Data shown |
++++++++++++++++++++

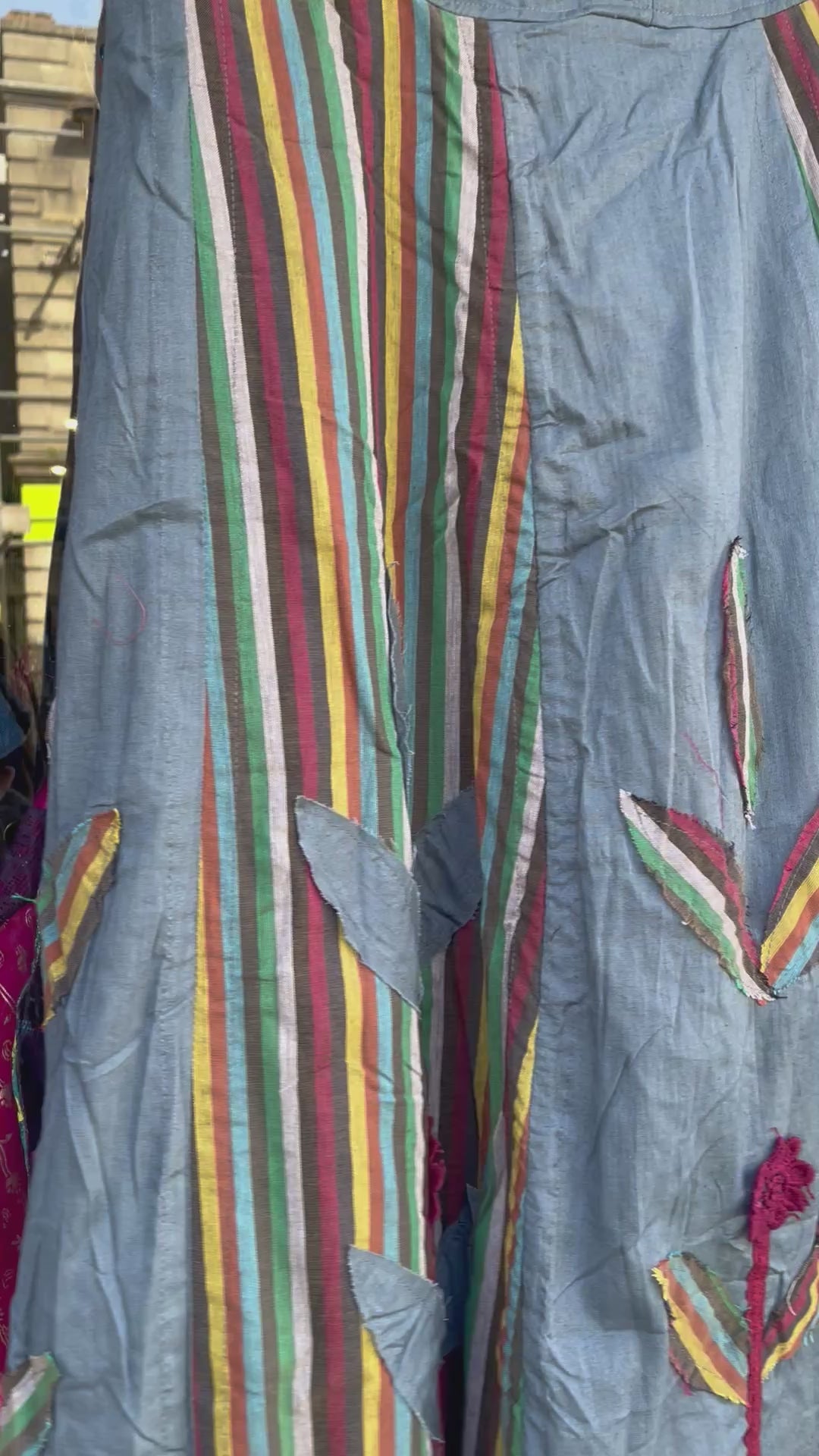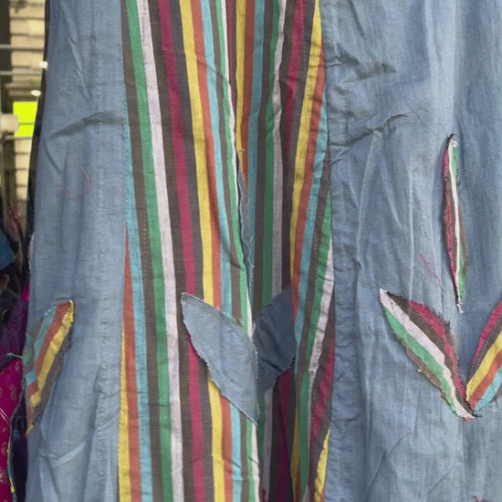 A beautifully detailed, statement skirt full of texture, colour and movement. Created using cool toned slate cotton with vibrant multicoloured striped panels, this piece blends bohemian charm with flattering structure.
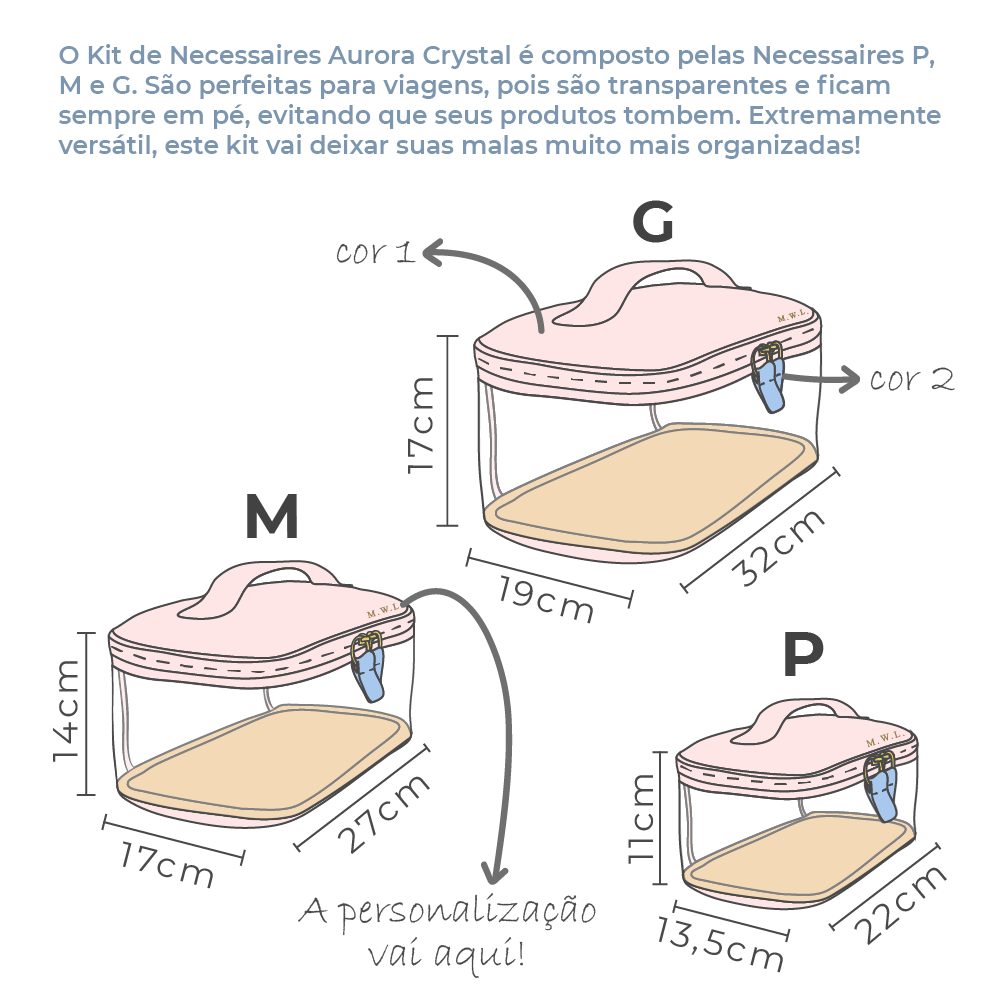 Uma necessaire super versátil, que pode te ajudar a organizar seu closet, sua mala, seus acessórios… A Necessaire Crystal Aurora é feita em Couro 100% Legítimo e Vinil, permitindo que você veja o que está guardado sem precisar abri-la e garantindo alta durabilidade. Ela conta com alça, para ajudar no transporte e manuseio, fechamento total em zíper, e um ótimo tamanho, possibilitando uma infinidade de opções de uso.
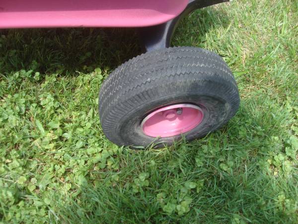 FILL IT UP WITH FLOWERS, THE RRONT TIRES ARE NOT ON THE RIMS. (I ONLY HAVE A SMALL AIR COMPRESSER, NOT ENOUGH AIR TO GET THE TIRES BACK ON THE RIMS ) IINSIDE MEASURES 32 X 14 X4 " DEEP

++++++++++++++++++++

Task description |
Print verbatim every line above, apart from the pictures.

Solved exercise |
 A beautifully detailed, statement skirt full of texture, colour and movement. Created using cool toned slate cotton with vibrant multicoloured striped panels, this piece blends bohemian charm with flattering structure.
 Uma necessaire super versátil, que pode te ajudar a organizar seu closet, sua mala, seus acessórios… A Necessaire Crystal Aurora é feita em Couro 100% Legítimo e Vinil, permitindo que você veja o que está guardado sem precisar abri-la e garantindo alta durabilidade. Ela conta com alça, para ajudar no transporte e manuseio, fechamento total em zíper, e um ótimo tamanho, possibilitando uma infinidade de opções de uso.
 FILL IT UP WITH FLOWERS, THE RRONT TIRES ARE NOT ON THE RIMS. (I ONLY HAVE A SMALL AIR COMPRESSER, NOT ENOUGH AIR TO GET THE TIRES BACK ON THE RIMS ) IINSIDE MEASURES 32 X 14 X4 " DEEP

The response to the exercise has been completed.